_Work request_
Below are the records; extract from them the line containing "During my doctoral" to the line containing "今年的天气也很应景,这不,中", both lines included, exactly and with no pictures.

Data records
↓
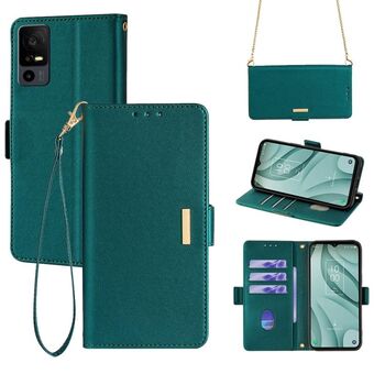 Θήκη τηλεφώνου TCL 505 4G, δερμάτινη, με αλυσίδα και σχέδιο crossbody (Μαύρο)
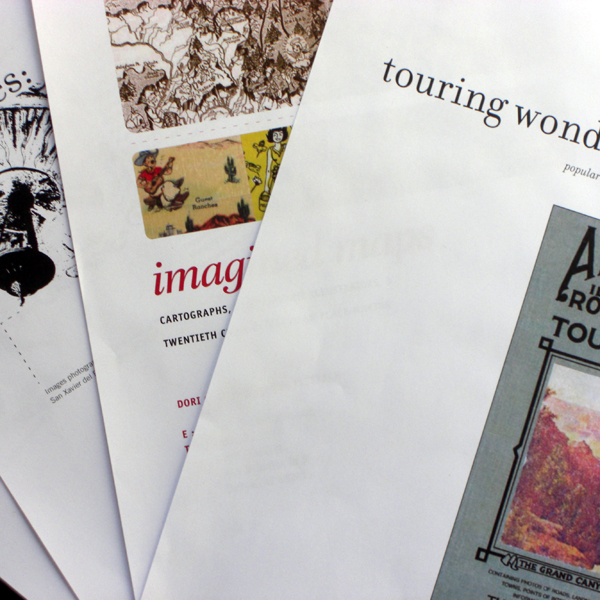 During my doctoral coursework, I wrote about a variety of subjects related to Arizona tourism and print ephemera: illustrations of the Kino missions, Tumacacori and San Xavier; maps as illustrations in Arizona Highways magazine; representation and identity in the American West; archival sources for illustrated maps; practicing tourism as a scholar and scholarship as a tourist. All of this written work is design work, too. During my first semester at ASU, I designed a document template with space for images and captions down the left-hand side of the page, and body text with footnotes down the right. Brenda Laurel (now at California College for the Arts) calls this designwriting, a term I have adopted to describe my own work.
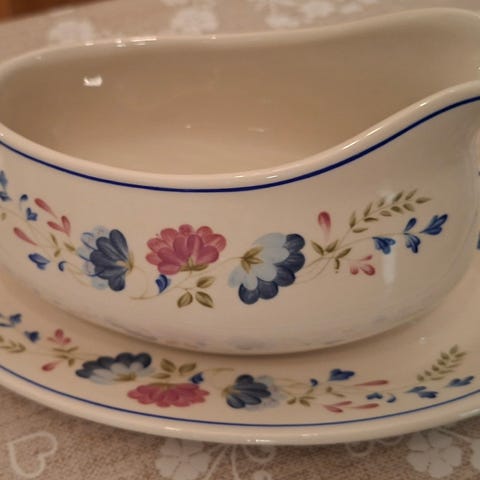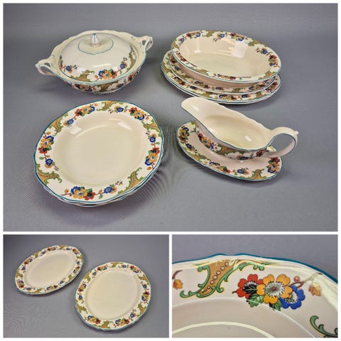 Selger diverse deler til et meget gammelt servise fra Wood & sons Woodware England (1910-20) i blåhvitt stentøy, motiv Canton. Alt er helt og pent, ingen skader eller krakeleringer. Fremstår som nær ubrukt. Kan fint kombineres med det klassiske Willow-serviset. Består av 1 stk stort serveringsfat 36x28 cm kr 450,- 1 stk mindre serveringsfat 25,5x20 cm kr 250, sausenebb
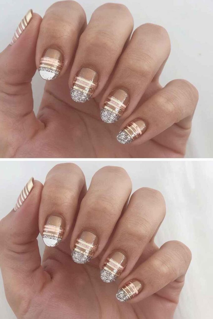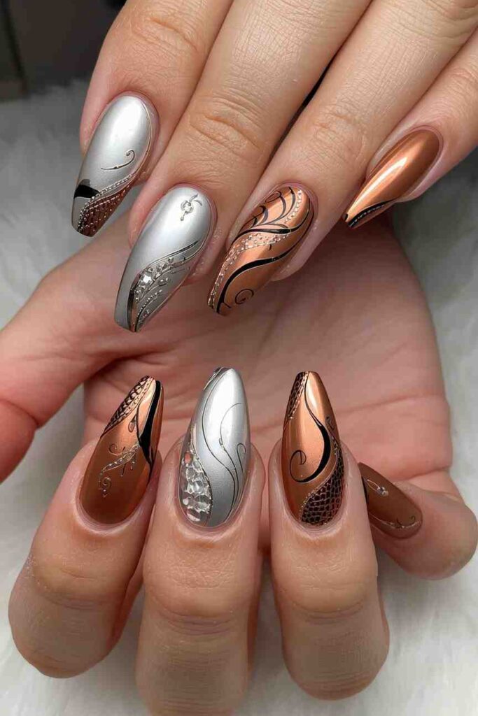 Mixing silver and bronze creates a chic, industrial vibe. Alternate metals on different nails or use them in geometric patterns for a modern, edgy look. This combination works well on dark or muted fall shades, making your nails both bold and stylish.
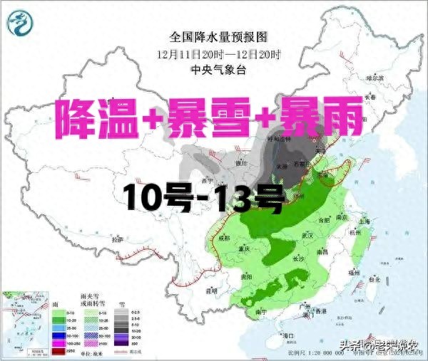 今年的天气也很应景,这不,中央气象台预计,大雪过后,后天10日至13日,将有新一股寒潮级的强冷空自西向东影响我国大部地区,这股冷空气威力不可小看,是寒潮级的"实力派″,将会给我国中东部大部分地区带来骤烈的降温天气。
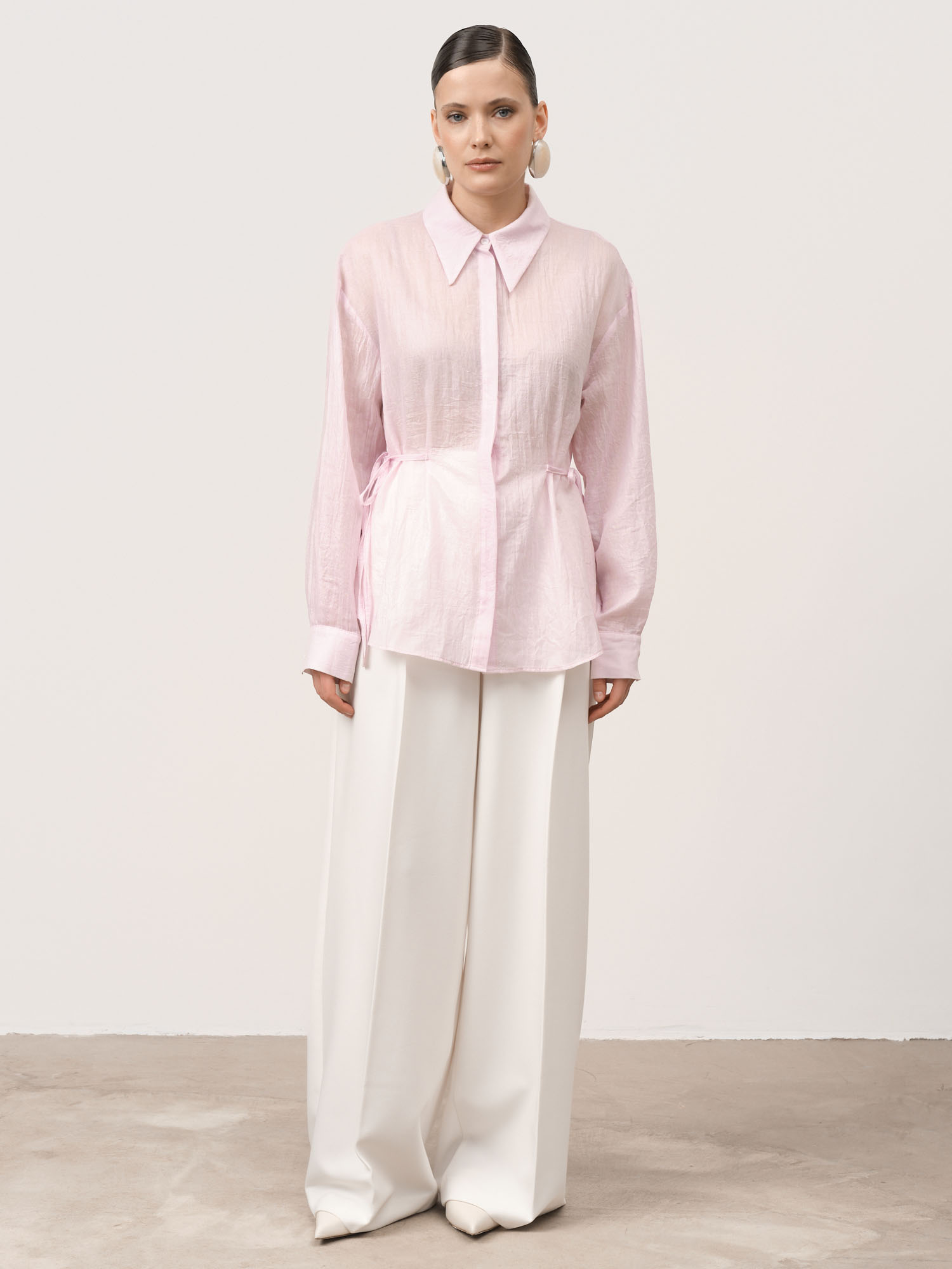 Свободный силуэт с акцентом на талии и классическим воротником. Лаконичный крой дополнен мягкими линиями, создающими женственный образ.
↑
_Output for this task_
 During my doctoral coursework, I wrote about a variety of subjects related to Arizona tourism and print ephemera: illustrations of the Kino missions, Tumacacori and San Xavier; maps as illustrations in Arizona Highways magazine; representation and identity in the American West; archival sources for illustrated maps; practicing tourism as a scholar and scholarship as a tourist. All of this written work is design work, too. During my first semester at ASU, I designed a document template with space for images and captions down the left-hand side of the page, and body text with footnotes down the right. Brenda Laurel (now at California College for the Arts) calls this designwriting, a term I have adopted to describe my own work.
 Selger diverse deler til et meget gammelt servise fra Wood & sons Woodware England (1910-20) i blåhvitt stentøy, motiv Canton. Alt er helt og pent, ingen skader eller krakeleringer. Fremstår som nær ubrukt. Kan fint kombineres med det klassiske Willow-serviset. Består av 1 stk stort serveringsfat 36x28 cm kr 450,- 1 stk mindre serveringsfat 25,5x20 cm kr 250, sausenebb
 Mixing silver and bronze creates a chic, industrial vibe. Alternate metals on different nails or use them in geometric patterns for a modern, edgy look. This combination works well on dark or muted fall shades, making your nails both bold and stylish.
 今年的天气也很应景,这不,中央气象台预计,大雪过后,后天10日至13日,将有新一股寒潮级的强冷空自西向东影响我国大部地区,这股冷空气威力不可小看,是寒潮级的"实力派″,将会给我国中东部大部分地区带来骤烈的降温天气。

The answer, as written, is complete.